Activity.
Wherever an image appears in the entries, drop it and reproduce everything else exactly.

Listed records.
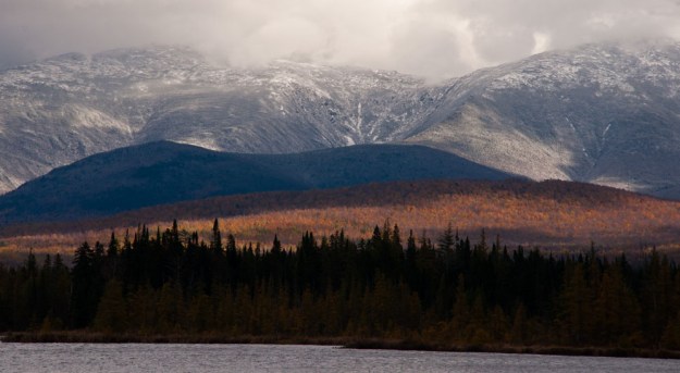 Getting to the Pondicherry trailhead is one thing (I’ve met many native New Hampshirites who’ve never heard of the place); then you have to hike in a good mile or more to where the action is: the shore of Cherry Pond with the spectacular view of Mount Washington and the Presidential Range on the other side. It was quite a windy day, which meant (1) the light and other atmospheric conditions might be changing several times in the course of a minute; (2) there might not be any reflections of the mountains on the pond. It did turn out that the wind occasionally abated enough to create some reflections on the pond, but I discovered that the action of the wind, when it blew, on the water produced its own kind of beauty — a shiny texture. As for the rapidly changing light and other conditions, there was nothing to do but set up the camera, find a good composition that could be tweaked here and there, watch and enjoy nature’s amazing show, and press the shutter button whenever nature’s kaleidoscope produced a new version of the scene in front of me. It was indeed quite spectaular. We’ve heard of son et lumiere — “sound and light” shows, but this was neige et lumiere — snow and light, as the interplay of snow showers and sunlight continuously created different scenes on Mount Washington’s peaks. When I arrived in New Hampshire a few days earlier there was no snow on the mountains. The morning after my visit to the Cherry Pond, Mount Washington could be seen from North Conway completely covered in snow gleaming in the bright sun. Amazing. Sun, snow, and mountains, bless the Lord.
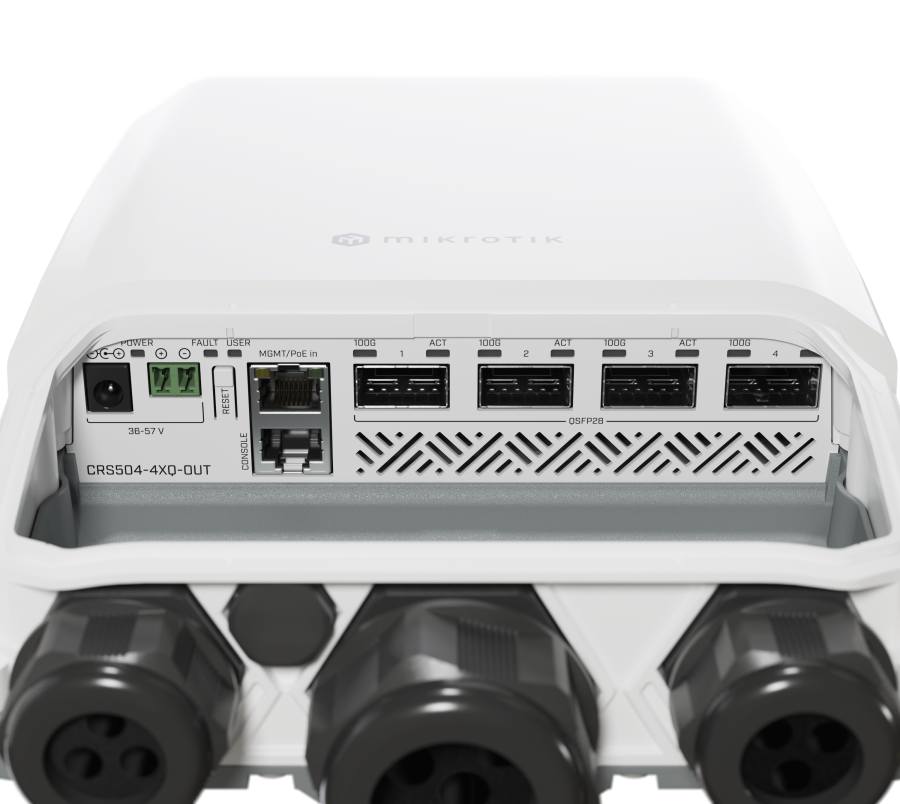 The MikroTik CRS504-4XQ-OUT is a high-speed and energy-efficient 100 Gigabit network switch designed for outdoor use. Its robust housing, certified IP66, makes it resistant to harsh weather conditions. This device is ideal for data centers, ISPs, and outdoor applications requiring high bandwidth.
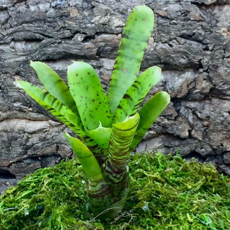 Mini Neoregelia Bromeliads stay relatively small, however do vary in size from 4-6″. They are hardy and an excellent plant that’s suitable for all types of humid terrariums and vivariums. Mini Neoregelia Bromeliads grow in the canopy of a rainforest and are considered epiphytes, as such do not plant these bromeliads directly into the soil. They will gather their nutrients from the rain water and animal droppings left on their leaves. Bromeliads can vary a lot in their colours depending on their hybrid, as well as the quality of light you provide. Bromeliads that are placed under a high intensity plant growing light will show off more of their vibrant colors. Whereas bromeliads under less intense lighting will show off more green.
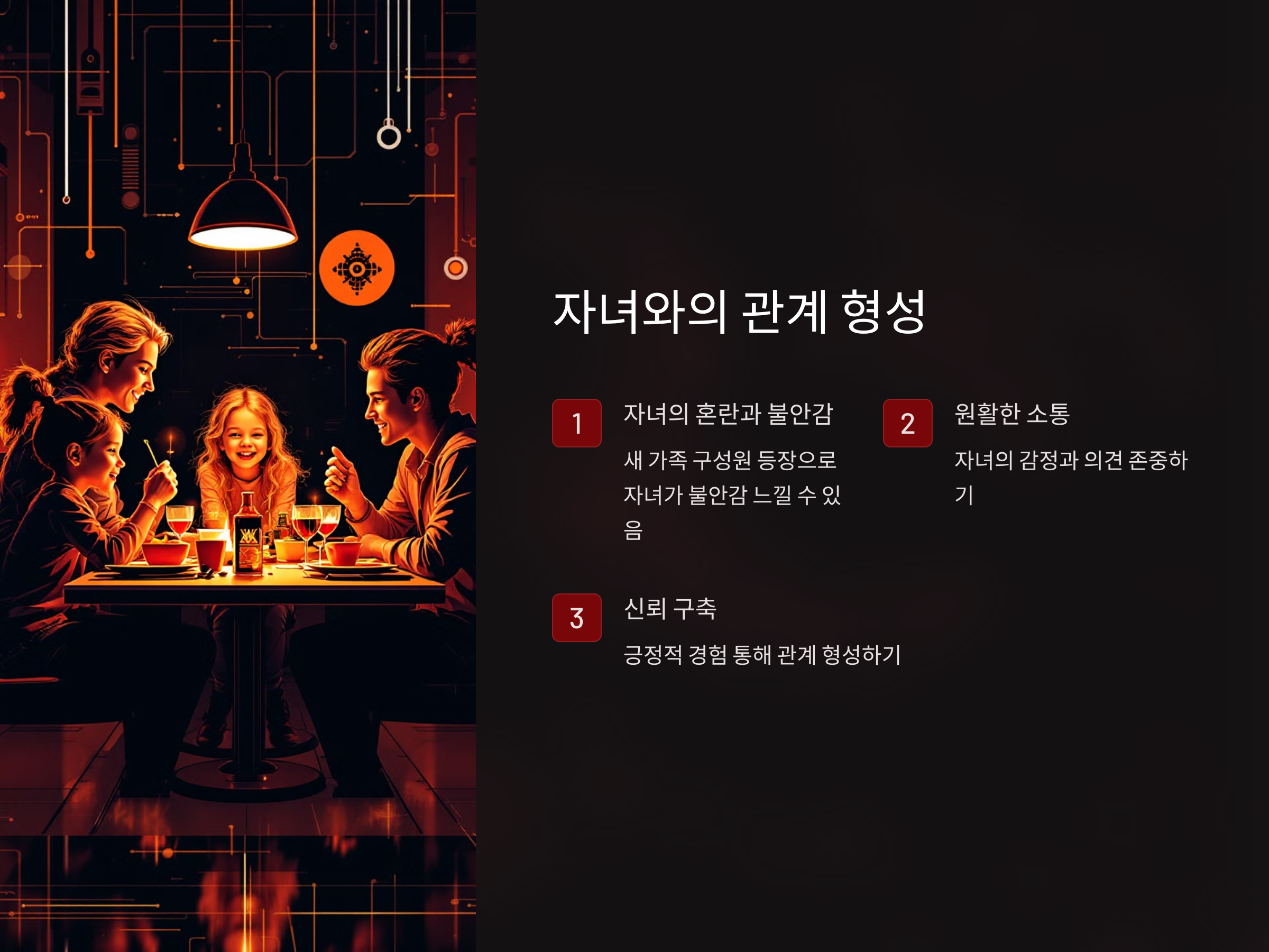 재혼 가정에서 가장 큰 고민 중 하나는 기존 자녀와의 관계 형성입니다. 자녀들은 새로운 부모나 형제자매의 등장으로 인해 혼란이나 불안감을 느낄 수 있습니다. 이러한 상황에서 자녀와의 원활한 소통과 신뢰 구축이 중요합니다. 자녀의 감정과 의견을 존중하고, 새로운 가족 구성원과의 긍정적인 경험을 통해 관계를 형성하는 것이 필요합니다.
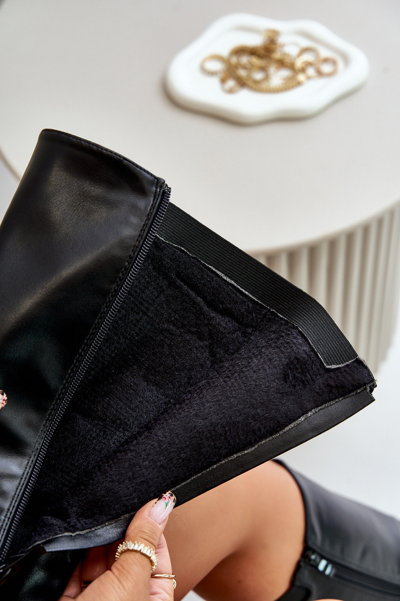 Botas longas femininas forradas com saltos largos e fivelas douradas pretas Arsisna
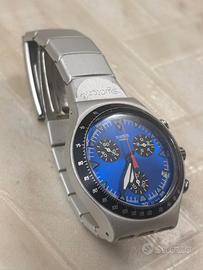 Orologio vintage ,marchio swatch ,modelllo irony alluminium chrono watch , diametro cassa 40mm misura completa 17cm . Testato e funzionante con pila nuova , qualche micrograffio sul vetro causa utilizzo , senza confezione .

Your response.
 Getting to the Pondicherry trailhead is one thing (I’ve met many native New Hampshirites who’ve never heard of the place); then you have to hike in a good mile or more to where the action is: the shore of Cherry Pond with the spectacular view of Mount Washington and the Presidential Range on the other side. It was quite a windy day, which meant (1) the light and other atmospheric conditions might be changing several times in the course of a minute; (2) there might not be any reflections of the mountains on the pond. It did turn out that the wind occasionally abated enough to create some reflections on the pond, but I discovered that the action of the wind, when it blew, on the water produced its own kind of beauty — a shiny texture. As for the rapidly changing light and other conditions, there was nothing to do but set up the camera, find a good composition that could be tweaked here and there, watch and enjoy nature’s amazing show, and press the shutter button whenever nature’s kaleidoscope produced a new version of the scene in front of me. It was indeed quite spectaular. We’ve heard of son et lumiere — “sound and light” shows, but this was neige et lumiere — snow and light, as the interplay of snow showers and sunlight continuously created different scenes on Mount Washington’s peaks. When I arrived in New Hampshire a few days earlier there was no snow on the mountains. The morning after my visit to the Cherry Pond, Mount Washington could be seen from North Conway completely covered in snow gleaming in the bright sun. Amazing. Sun, snow, and mountains, bless the Lord.
 The MikroTik CRS504-4XQ-OUT is a high-speed and energy-efficient 100 Gigabit network switch designed for outdoor use. Its robust housing, certified IP66, makes it resistant to harsh weather conditions. This device is ideal for data centers, ISPs, and outdoor applications requiring high bandwidth.
 Mini Neoregelia Bromeliads stay relatively small, however do vary in size from 4-6″. They are hardy and an excellent plant that’s suitable for all types of humid terrariums and vivariums. Mini Neoregelia Bromeliads grow in the canopy of a rainforest and are considered epiphytes, as such do not plant these bromeliads directly into the soil. They will gather their nutrients from the rain water and animal droppings left on their leaves. Bromeliads can vary a lot in their colours depending on their hybrid, as well as the quality of light you provide. Bromeliads that are placed under a high intensity plant growing light will show off more of their vibrant colors. Whereas bromeliads under less intense lighting will show off more green.
 재혼 가정에서 가장 큰 고민 중 하나는 기존 자녀와의 관계 형성입니다. 자녀들은 새로운 부모나 형제자매의 등장으로 인해 혼란이나 불안감을 느낄 수 있습니다. 이러한 상황에서 자녀와의 원활한 소통과 신뢰 구축이 중요합니다. 자녀의 감정과 의견을 존중하고, 새로운 가족 구성원과의 긍정적인 경험을 통해 관계를 형성하는 것이 필요합니다.
 Botas longas femininas forradas com saltos largos e fivelas douradas pretas Arsisna
 Orologio vintage ,marchio swatch ,modelllo irony alluminium chrono watch , diametro cassa 40mm misura completa 17cm . Testato e funzionante con pila nuova , qualche micrograffio sul vetro causa utilizzo , senza confezione .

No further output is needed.